-- И ты должен показать, что нарушение твоих приказов карается со всей строгостью -- это их успокоит больше любых милостей.
Эйрих задумчиво постучал рукояткой ножа по столу, но кивнул, соглашаясь, и снова наклонился к Дойлу, но ничего на сказал, потому что двери зала резко распахнулись, и вбежал запыхавшийся стражник в полном облачении.
-- В чем дело! -- резко спросил Эйрих, мгновенно прекращая все шепотки и устанавливая полную звенящую тишину.
-- Ваше Величество, -- стражник поклонился почти до пола, -- у главных ворот гонец, говорит, срочнейшее донесение. Его не впускают, и...
-- Никого не впустят в город, пока болезнь не закончится. Пусть уезжает, -- ответил Эйрих спокойно, но его губы заметно побелели, а пальцы сжали скатерть.
-- Мы можем выслушать из-за ворот, -- почти беззвучно пробормотал Дойл. Эйрих услышал, его глаза блеснули:
-- Впрочем, мы желаем знать, какую весть он привез, а потому изволим лично прибыть к воротам.
Дойл подскочил при этих словах почти сразу. Что бы ни привело гонца к воротам, это было важно -- он чувствовал. Интуиция буквально кричала о том, что эти вести не принесут ничего хорошего, и сердце отзывалось на волнение бешеным стуком, пальцы подрагивали от странного возбуждения.
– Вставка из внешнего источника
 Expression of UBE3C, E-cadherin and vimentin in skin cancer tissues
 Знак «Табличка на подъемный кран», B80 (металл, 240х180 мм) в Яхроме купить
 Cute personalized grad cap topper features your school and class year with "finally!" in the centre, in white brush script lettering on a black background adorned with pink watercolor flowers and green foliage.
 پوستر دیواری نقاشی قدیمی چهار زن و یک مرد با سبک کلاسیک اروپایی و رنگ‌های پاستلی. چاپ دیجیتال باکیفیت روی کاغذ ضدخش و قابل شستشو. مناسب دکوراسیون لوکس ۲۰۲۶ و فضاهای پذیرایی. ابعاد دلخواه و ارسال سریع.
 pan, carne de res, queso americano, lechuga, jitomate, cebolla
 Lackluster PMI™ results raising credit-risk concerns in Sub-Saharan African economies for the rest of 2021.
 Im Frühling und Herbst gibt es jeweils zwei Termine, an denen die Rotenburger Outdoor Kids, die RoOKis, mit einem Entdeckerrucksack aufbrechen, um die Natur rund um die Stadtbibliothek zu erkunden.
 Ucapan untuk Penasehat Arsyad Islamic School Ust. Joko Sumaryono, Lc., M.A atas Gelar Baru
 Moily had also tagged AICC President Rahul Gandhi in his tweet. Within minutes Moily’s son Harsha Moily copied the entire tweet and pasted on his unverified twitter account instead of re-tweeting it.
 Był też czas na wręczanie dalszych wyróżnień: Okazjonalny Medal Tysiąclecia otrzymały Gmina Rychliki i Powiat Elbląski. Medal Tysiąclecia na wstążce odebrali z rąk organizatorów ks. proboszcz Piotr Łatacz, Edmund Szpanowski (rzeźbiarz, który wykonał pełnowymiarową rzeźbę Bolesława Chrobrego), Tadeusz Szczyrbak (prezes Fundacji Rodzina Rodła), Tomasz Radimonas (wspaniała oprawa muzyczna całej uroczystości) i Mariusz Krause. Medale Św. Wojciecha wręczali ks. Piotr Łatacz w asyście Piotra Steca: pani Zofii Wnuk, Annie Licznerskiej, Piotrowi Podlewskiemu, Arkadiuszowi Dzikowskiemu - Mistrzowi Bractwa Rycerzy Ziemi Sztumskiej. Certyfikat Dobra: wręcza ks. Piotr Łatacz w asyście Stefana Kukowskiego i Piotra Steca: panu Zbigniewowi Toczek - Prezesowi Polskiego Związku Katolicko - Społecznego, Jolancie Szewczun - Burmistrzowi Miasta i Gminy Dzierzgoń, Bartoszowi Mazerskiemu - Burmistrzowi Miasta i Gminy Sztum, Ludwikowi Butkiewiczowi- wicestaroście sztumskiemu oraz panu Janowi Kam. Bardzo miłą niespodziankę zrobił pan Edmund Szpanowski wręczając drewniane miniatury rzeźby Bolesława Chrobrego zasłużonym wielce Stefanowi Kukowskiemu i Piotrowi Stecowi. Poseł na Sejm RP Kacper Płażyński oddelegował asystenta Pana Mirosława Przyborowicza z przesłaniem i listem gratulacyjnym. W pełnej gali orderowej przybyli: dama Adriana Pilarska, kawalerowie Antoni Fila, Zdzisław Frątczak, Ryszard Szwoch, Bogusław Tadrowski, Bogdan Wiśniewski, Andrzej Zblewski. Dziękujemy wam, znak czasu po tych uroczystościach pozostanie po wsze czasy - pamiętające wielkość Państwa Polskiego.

Не закончив обед, поспешили к воротам -- вдвоем, в сопровождении охраны, верхом. Эйрих был спокоен -- кажется, не понимал, насколько печальными могут быть принесенные вести, или обманывал себя излишними надеждами на лучшее... На этой мысли Дойл запнулся, пытаясь понять, чего боится, ведь гонец мог привезти сообщение о какой-нибудь безделице: о недоборе хлеба или о засухе на юге, о том, что в горах в очередной раз прорвали границу великаны, в конце концов. Но страх был -- сильный, липкий, вызывающий противную дрожь и испарину на лбу.
Эйрих заметил это и спросил осторожно:
-- В чем дело?
Дойл только дернул плечом -- он, пожалуй, не мог бы объяснить этого, только чувствовал, что надо спешить -- куда-то вперед. Короткая, казалось бы, скачка разгорячила тело и кровь. Дойл рванул ворот камзола, желая глотнуть побольше воздуха, но бесполезно -- горло как будто перетянуло петлей неприятных предчувствий.
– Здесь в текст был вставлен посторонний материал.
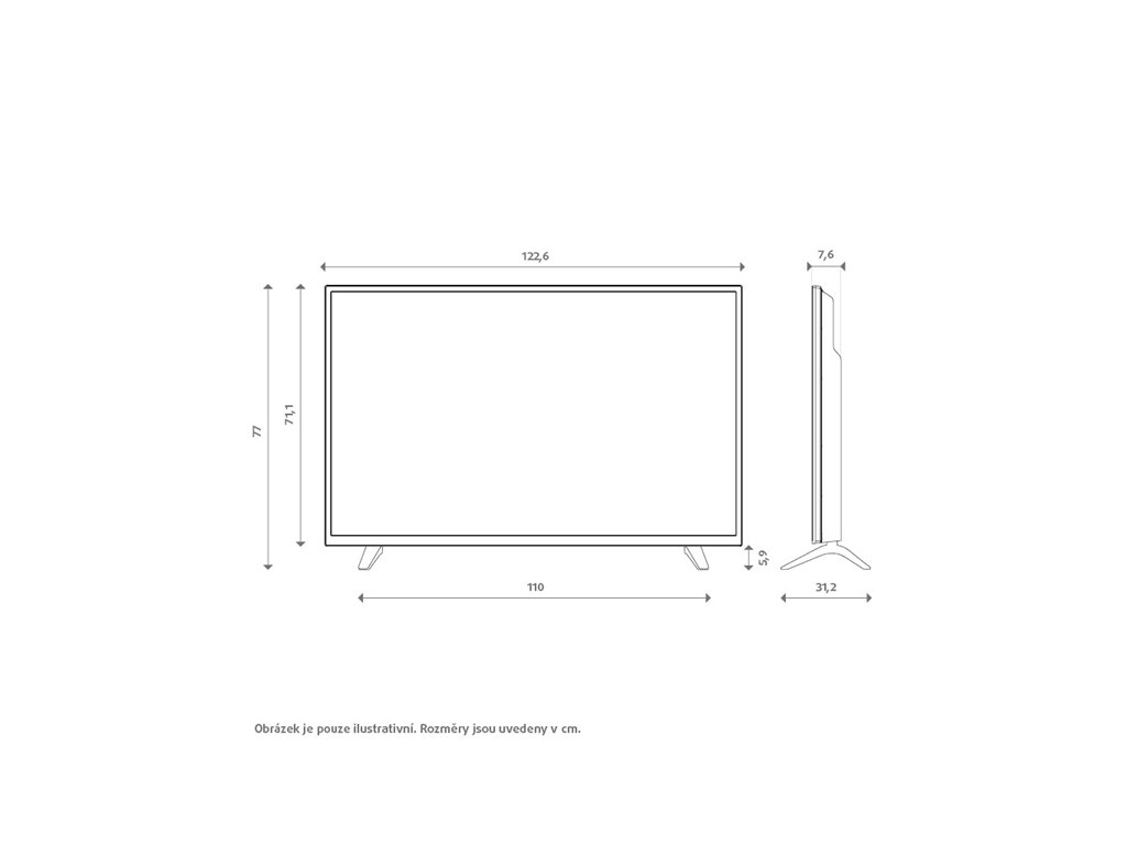 • Rozměry (bez základny): 1 226 x 76 x 711 mm
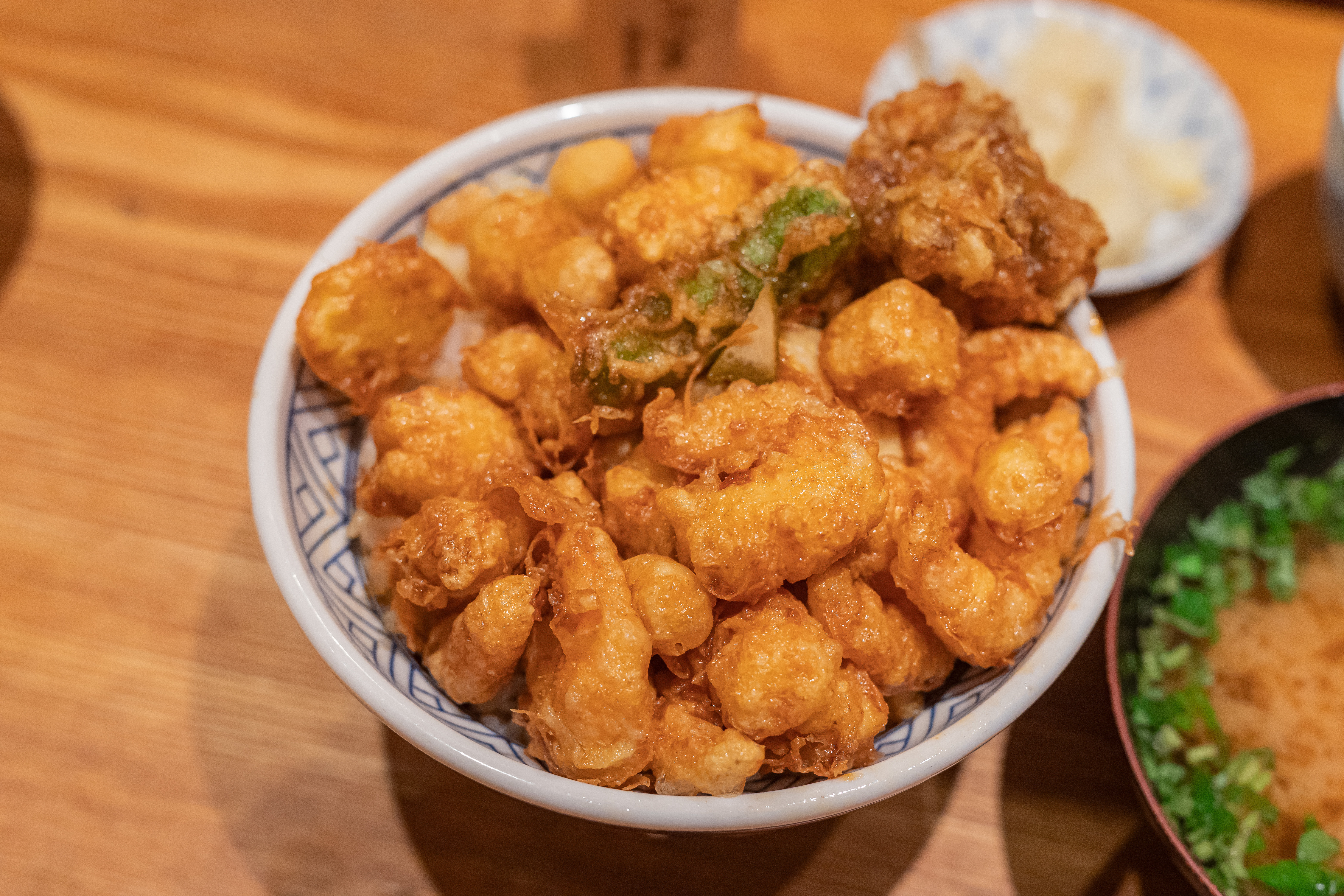 튀김이 가득이라 밥이 보이지 않는 가네코야의 튀김 덮밥
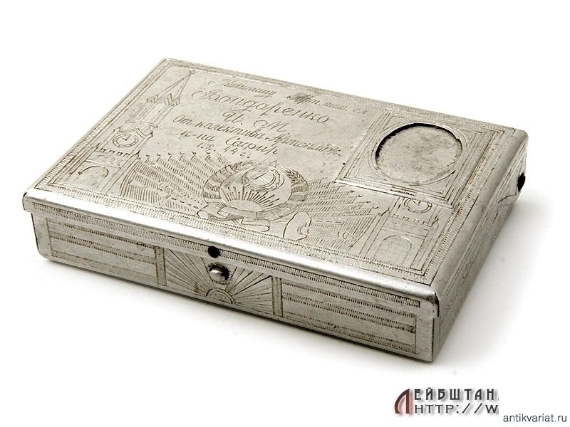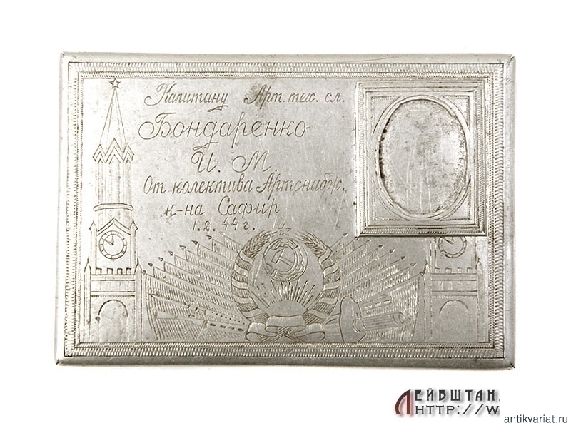 Фронтовой алюминиевый портсигар, подаренный капитану артиллерийской технической службы И.М.Бондаренко коллективом артснабжения 1 февраля 1944 года. Украшен ручной гравировкой, оставлено место для вставной фотографии. Предмет в очень хорошей сохранности.

Возле ворот было оживленно. Несколько стражников стояли почти вплотную к громадным деревянным створкам, а вокруг возбужденно галдели женщины. Пятеро или шестеро мужчин в простых костюмах кучкой замерли чуть в стороне, но напряженно прислушивались.
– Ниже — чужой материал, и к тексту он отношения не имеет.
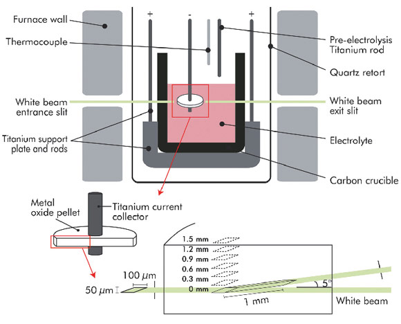 This discovery has encouraged a broader exploration of electrochemical reduction as a competitive extraction route, which has the potential to replace current commercial extraction routes for elements like Ti, Ta, Zr, etc. Whilst reducing these metal oxides to metal is relatively simple, doing it consistently to form a product with low concentrations of impurities in an efficient way has proven to be more challenging. To achieve these goals, it is important to understand fundamentally the reactions taking place, so that it becomes possible to control the process. Unfortunately high temperature electrochemical studies (as shown in Figure 44), do not lend themselves to conventional analysis techniques.
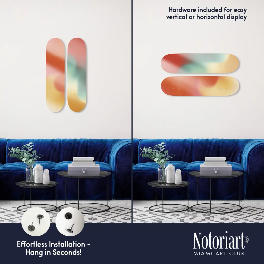 Elevate your decor with NOTORIART's Acrylic Glass Skateboard Wall Art. This 8" x 32" collectible masterpiece blends vibrant pop art with the essence of modern skate culture, crafted from precision-cut acrylic glass and hand-polished for a stunning finish. Featuring just 2 small holes, it comes with 4 durable aluminum thumbtacks (2 black, 2 silver) for effortless hanging—no complicated tools required. Ideal for skateboard enthusiasts and pop art collectors, this exclusive design is handmade to order in Miami, making it a unique statement piece for any urban space.Features: Interior Designer's Note: This collectible skateboard-shaped wall decor is crafted from precision-cut acrylic glass, featuring vibrant pop art designs that bring a playful energy to any space.Simple, Sleek Hanging Solution: With just 2 small holes and 4 sturdy aluminum thumbtacks provided (2 black, 2 silver), hanging this art is effortless. Push the thumbtacks into the wall—no tools or measuring needed.Pop Art-Inspired Style: Hand-polished to a glossy finish, this artwork captures the spirit of modern skate culture and urban art, making it a striking focal point for any room.Premium Materials & Secure Packaging: Made with high-quality acrylic glass, each piece is securely packaged to ensure it arrives in pristine, collectible condition. Size: 8" x 32"Exclusive NOTORIART Collectible: Handcrafted in Miami, this limited-edition skateboard art is perfect for skate enthusiasts and pop art lovers, offering a unique way to express individuality.To maintain its glossy finish, clean with a soft, dry microfiber cloth. Avoid using water or sprays. Suitable for indoor use only.
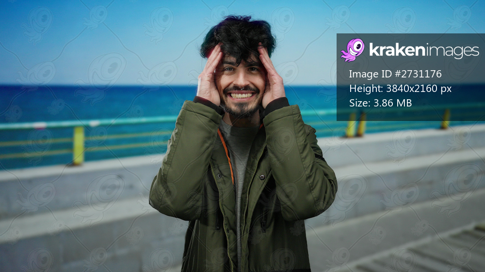 Handsome man standing on a seaside promenade with a jacket, expressing various emotions against the blue sea and sky backdrop, capturing a young adult enjoying the serene beachscape. - Kraken Images
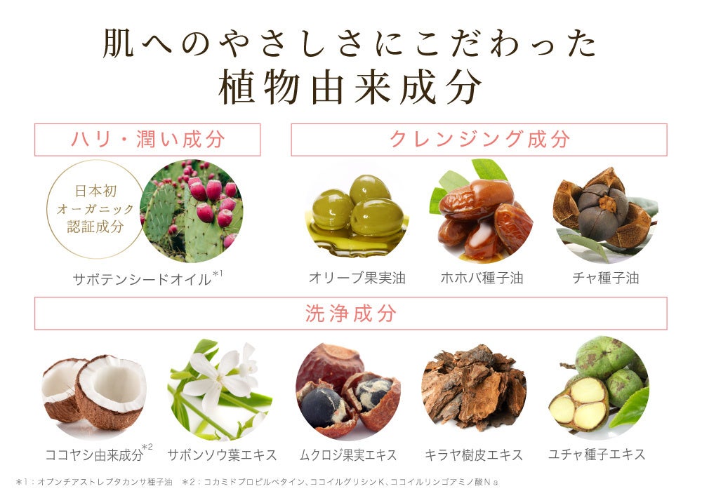 肌へのやさしさにこだわって、クレンジング成分は植物由来!

Стук колес привлек их внимание, и прибытие Эйриха заметили все. Почтительно расступились, давая дорогу. Эйрих остановился возле ворот и громко спросил:
-- В чем дело?
"Король, это король", -- пронеслось среди людей.
-- Ваше величество! -- донеслось из-за ворот. -- Дурные вести! Я из лордства Зиннет, на западе. Остеррадские войска вчера перешли границы. Гарнизон пал!
Дойл почувствовал, что в легких кончается воздух. Эйрих побелел так сильно, что это было видно со стороны. Остеррад снова на землях Стении. Снова война -- но блистательный Эйрих, король-Солнце, не может возглавить своих воинов.
Эйрих обернулся каким-то странным, почти детским движением, ища не то поддержки, не то совета. И Дойлу нечего было ему сказать, кроме того, что, если милорды не сумеют соединить свои силы, Стения обречена.
-- В Стин, -- пробормотал Дойл, -- к милорду Рою. У него Кэнт, они могут...
Он не договорил и не сумел объяснить, что именно могут старый однорукий Рой, военный советник отца, и гигант-Кэнт, потому что Эйрих вдруг стал бело-желтым, как настоящее солнце, и начал жечь, как оно. Кожа заполыхала и натянулась как тысячи согнутых луков, во рту стало сухо и горько. Сияющий Эйрих распахнул уродливые кожистые белые крылья и взмахнул ими, поднимая шквалистый ветер. Воздушный поток ударил Дойла в грудь с громадной силой. Пальцы, державшие уздечку, дрогнули, колени ослабли, и Дойл начал падать вниз спиной. Крылья же стали еще больше и заслонили небо, наступила непроглядная чернота, которая взорвалась чьим-то надсадным криком и непреодолимой, вытягивающей жилы болью.
Глава 31
Мир был черно-красным, цвета растекающейся по земле крови, и пульсировал, как сердце в развороченной груди. Перед глазами в ритме бьющегося пойманной птицей пульса проносились пугающие тени, которые были страшнее самого жуткого ночного кошмара. А вокруг плескалась боль, лизала кожу пламенными языками, вгрызалась в кости, разрывала плоть когтями -- снова и снова без конца. В ушах бил набат, и гулкий густой звук разбивал изнутри череп, отдавался в зубах и онемевшем, неподвижном языке.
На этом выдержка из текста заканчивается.